Ligature (typographie) Article, Signification, Explication
Une ligature est la fusion de deux graphèmes d'une écriture pour n'en former qu'un seul nouveau, considéré ou non comme un caractère per se (à part entière). La ligature peut donner naissance à un digramme. Dans une écriture bicamérale, un digramme lié se distinguera d'un digramme simple par la majusculisation : si les deux caractères doivent être en majuscule capitale et le reste en bas-de-casse, c'est bien une ligature. Sinon, c'est un digramme simple (par exemple : IJsselmeer en néerlandais mais Château en français).
La ligature est donc un des procédés possibles d'enrichissement du stock de graphèmes d'une langue.
Il existe deux types principaux de ligatures :
- les ligatures esthétiques, qui sont optionnelles et ne s'utilisent que pour améliorer la lisibilité d'un document typographié ;
- les ligatures linguistiques, qui sont obligatoires.
Il existe d'autre part des caractères qui sont d'anciennes ligatures, esthétiques ou non, mais ne sont plus sentis comme tel :
- la ligature linguistique dite eszett, soit ß, provient d'une ligature esthétique entre un s long suivi d'un s rond (le s long étant une ancienne variante contextuelle de s). Utilisée dans plusieurs langues d'Europe, elle ne se recontre maintenant plus qu'en allemand ;
- l'esperluette, &, est à l'origine une ligature esthétique de et servant d'abréviation. Elle est devenue un véritable logogramme, au même titre que les chiffres dits « arabes » : selon sa langue, on la lira et, y, and ou encore und ;
- l'arobase, @, remonte à la graphie onciale de la préposition latine ad abrégée ;
- le croisillon, #, à ne pas confondre avec un dièse, est l'évolution de l'ancienne abréviation n̄ (n surmonté du titulus).

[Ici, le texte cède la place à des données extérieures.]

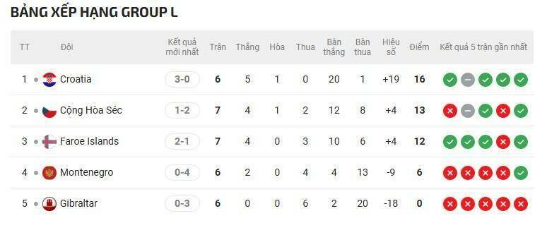 Tâm điểm khác của loạt trận đêm qua nằm ở bảng L, nơi Croatia củng cố sức mạnh bằng chiến thắng 3-0 trước Gibraltar, còn Quần đảo Faroe gây chấn động khi hạ gục CH Czech 2-1. Kết quả này giúp Croatia vững vàng ở ngôi đầu bảng với 16 điểm, duy trì chuỗi bất bại và hiệu số vượt trội. Czech dù vẫn giữ được vị trí nhì bảng nhưng đã bị Quần đảo Faroe thu hẹp khoảng cách đáng kể. Đây là cú sốc lớn bởi Faroe vốn bị đánh giá thấp nhất bảng, song họ đang thể hiện tinh thần chiến đấu và tổ chức lối chơi ấn tượng. Nếu duy trì phong độ này, Quần đảo Faroe hoàn toàn có thể vươn lên tranh vị trí nhì bảng cùng Czech, trong khi Croatia gần như cầm chắc tấm vé trực tiếp đến World Cup 2026. Gibraltar và Montenegro dường như không còn hy vọng khi phong độ kém xa so với nhóm dẫn đầu.

N'étant pas obligatoires, elles sont surtout utilisées dans la production de documents d'abord manuscrits (elles sont fréquentes dans les manuscrits médiévaux, soit comme abréviations soit pour des raisons purement décoratives) puis imprimés, pour améliorer la lisibilité d'un texte ou simplement l'agrémenter.

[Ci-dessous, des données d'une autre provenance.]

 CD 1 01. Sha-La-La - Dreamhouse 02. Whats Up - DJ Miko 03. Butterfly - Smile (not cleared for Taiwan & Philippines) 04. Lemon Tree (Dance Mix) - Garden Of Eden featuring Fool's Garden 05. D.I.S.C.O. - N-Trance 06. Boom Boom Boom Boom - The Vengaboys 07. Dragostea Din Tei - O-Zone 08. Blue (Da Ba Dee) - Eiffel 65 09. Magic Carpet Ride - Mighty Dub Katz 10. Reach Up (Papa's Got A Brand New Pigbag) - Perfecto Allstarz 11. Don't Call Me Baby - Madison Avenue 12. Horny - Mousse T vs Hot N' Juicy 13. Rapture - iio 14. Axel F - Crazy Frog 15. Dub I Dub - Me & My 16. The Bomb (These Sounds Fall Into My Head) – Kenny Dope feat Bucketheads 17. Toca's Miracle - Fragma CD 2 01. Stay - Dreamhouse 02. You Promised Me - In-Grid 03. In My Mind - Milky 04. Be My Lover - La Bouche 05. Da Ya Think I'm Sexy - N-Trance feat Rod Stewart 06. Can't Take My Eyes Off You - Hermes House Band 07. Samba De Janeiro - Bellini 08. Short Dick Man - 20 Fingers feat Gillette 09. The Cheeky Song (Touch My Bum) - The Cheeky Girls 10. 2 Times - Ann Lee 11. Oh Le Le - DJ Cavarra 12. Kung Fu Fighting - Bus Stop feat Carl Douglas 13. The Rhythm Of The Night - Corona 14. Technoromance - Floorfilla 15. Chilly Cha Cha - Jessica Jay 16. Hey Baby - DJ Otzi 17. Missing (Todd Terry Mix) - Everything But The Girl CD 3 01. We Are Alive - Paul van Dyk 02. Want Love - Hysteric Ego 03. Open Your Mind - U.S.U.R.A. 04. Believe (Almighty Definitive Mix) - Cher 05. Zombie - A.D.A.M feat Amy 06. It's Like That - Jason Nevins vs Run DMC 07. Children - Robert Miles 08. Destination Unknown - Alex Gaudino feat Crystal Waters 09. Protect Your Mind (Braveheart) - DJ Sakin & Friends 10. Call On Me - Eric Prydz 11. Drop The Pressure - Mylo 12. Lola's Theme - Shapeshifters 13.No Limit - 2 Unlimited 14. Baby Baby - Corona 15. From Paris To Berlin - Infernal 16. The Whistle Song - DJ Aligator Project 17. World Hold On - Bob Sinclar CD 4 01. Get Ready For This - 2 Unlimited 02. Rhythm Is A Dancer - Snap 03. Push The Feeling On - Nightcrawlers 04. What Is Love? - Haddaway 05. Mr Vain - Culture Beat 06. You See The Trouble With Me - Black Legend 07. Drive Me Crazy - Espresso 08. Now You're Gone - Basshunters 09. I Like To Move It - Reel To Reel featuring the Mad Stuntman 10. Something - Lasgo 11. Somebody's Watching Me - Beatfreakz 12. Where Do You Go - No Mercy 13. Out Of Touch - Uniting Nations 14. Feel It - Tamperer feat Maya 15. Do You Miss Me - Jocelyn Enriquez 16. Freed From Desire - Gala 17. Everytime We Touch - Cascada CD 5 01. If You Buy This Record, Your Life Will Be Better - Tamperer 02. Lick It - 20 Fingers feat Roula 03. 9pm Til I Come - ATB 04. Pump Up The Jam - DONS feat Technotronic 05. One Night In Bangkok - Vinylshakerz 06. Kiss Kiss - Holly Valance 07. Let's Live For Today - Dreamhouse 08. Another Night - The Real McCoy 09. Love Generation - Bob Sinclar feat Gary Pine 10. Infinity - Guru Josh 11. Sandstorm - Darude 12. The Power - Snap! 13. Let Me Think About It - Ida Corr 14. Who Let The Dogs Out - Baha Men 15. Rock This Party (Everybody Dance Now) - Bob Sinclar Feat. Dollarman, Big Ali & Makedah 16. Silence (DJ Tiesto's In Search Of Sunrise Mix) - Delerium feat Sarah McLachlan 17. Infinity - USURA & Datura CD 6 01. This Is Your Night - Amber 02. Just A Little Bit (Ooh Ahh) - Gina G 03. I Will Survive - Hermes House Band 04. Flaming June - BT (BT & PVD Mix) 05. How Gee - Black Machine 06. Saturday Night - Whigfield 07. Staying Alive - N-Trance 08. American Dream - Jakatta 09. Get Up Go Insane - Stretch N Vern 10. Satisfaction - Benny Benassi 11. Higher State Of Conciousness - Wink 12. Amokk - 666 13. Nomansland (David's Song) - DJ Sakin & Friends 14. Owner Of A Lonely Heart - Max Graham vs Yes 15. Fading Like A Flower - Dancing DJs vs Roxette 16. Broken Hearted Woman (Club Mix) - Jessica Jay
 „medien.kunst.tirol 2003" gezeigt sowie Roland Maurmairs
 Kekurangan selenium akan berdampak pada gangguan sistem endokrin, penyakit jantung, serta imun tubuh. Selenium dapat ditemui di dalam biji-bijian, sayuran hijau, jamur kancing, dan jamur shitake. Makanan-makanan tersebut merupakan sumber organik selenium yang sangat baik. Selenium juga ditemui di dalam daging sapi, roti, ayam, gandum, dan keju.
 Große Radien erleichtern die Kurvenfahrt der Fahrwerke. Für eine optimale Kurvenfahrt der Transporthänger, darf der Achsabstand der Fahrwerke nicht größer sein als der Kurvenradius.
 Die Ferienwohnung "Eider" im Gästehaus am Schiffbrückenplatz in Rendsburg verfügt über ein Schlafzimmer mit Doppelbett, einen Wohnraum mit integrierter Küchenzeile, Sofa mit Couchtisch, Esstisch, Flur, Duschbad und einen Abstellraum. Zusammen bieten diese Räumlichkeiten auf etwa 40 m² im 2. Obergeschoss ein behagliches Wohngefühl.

Dans le premier cas, surtout en imprimerie, il s'agit de réduire nombre de collisions inesthétiques entre certains caractères. Les plus courantes portent sur les letres f et s long (variante contextuelle de s) suivis de i et l. Le point du i ou la hampe du l entrent en collision après le f ou le s long, à moins qu'on les espace. Du temps de l'imprimerie au plomb, les collisions entre ces caractères pouvaient d'ailleurs entraîner leur rupture (c'est pourquoi on les appelle aussi ligatures techniques). Il faut noter qu'en allemand l'utilisation des ligatures esthétique se doit de respecter des contraintes morphologiques : en effet, les germanophones n'utilisent les ligatures en f que si les deux lettres appartiennent au même radical du mot.
Des ligatures du type de ct ne sont pas liées à des problèmes de collision entre caractères : elles sont purement esthétiques et, sûrement, imitent la graphie manuscrite cursive.
De toutes ces ligatures, seule celle du s long suivi d'un s rond a acquis le statut de graphème : c'est le eszett (ß) allemand.
Enfin, dans les textes latins imprimés, on emploie volontiers, ce que ne faisaient pas les Romains de l'Antiquité, les ligatures œ et æ. Leur utilisation ressortit surtout à la composition soignée.
La Fraktur allemande comprenait de nombreuses ligatures, surtout dans sa variante manuscrite, tracées d'un seul mouvement, parmi lesquelles : ch, ck, st, ss / sz (tracées toutes deux ß et tz).
L'alphabet arabe connaît des ligatures esthétiques. Celles-ci sont optionnelles et se rencontrent surtout dans des compositions soignées. Ces ligatures ne doivent pas être confondues avec les variantes contextuelles ou la ligature linguistique lâm ’alif, (voir plus bas) lesquelles sont toutes deux obligatoires. Voici ci-contre quelques ligatures possibles. Rapellons que l'arabe s'écrit de droite à gauche ; dans le tableau, les ligatures concernent, dans l'ordre, les lettres lâm, mîm et nûn formant ligature avec un jîm. Pour des raisons de lisibilité, on a ajouté un mîm final, qui ne fait pas partie de la ligature.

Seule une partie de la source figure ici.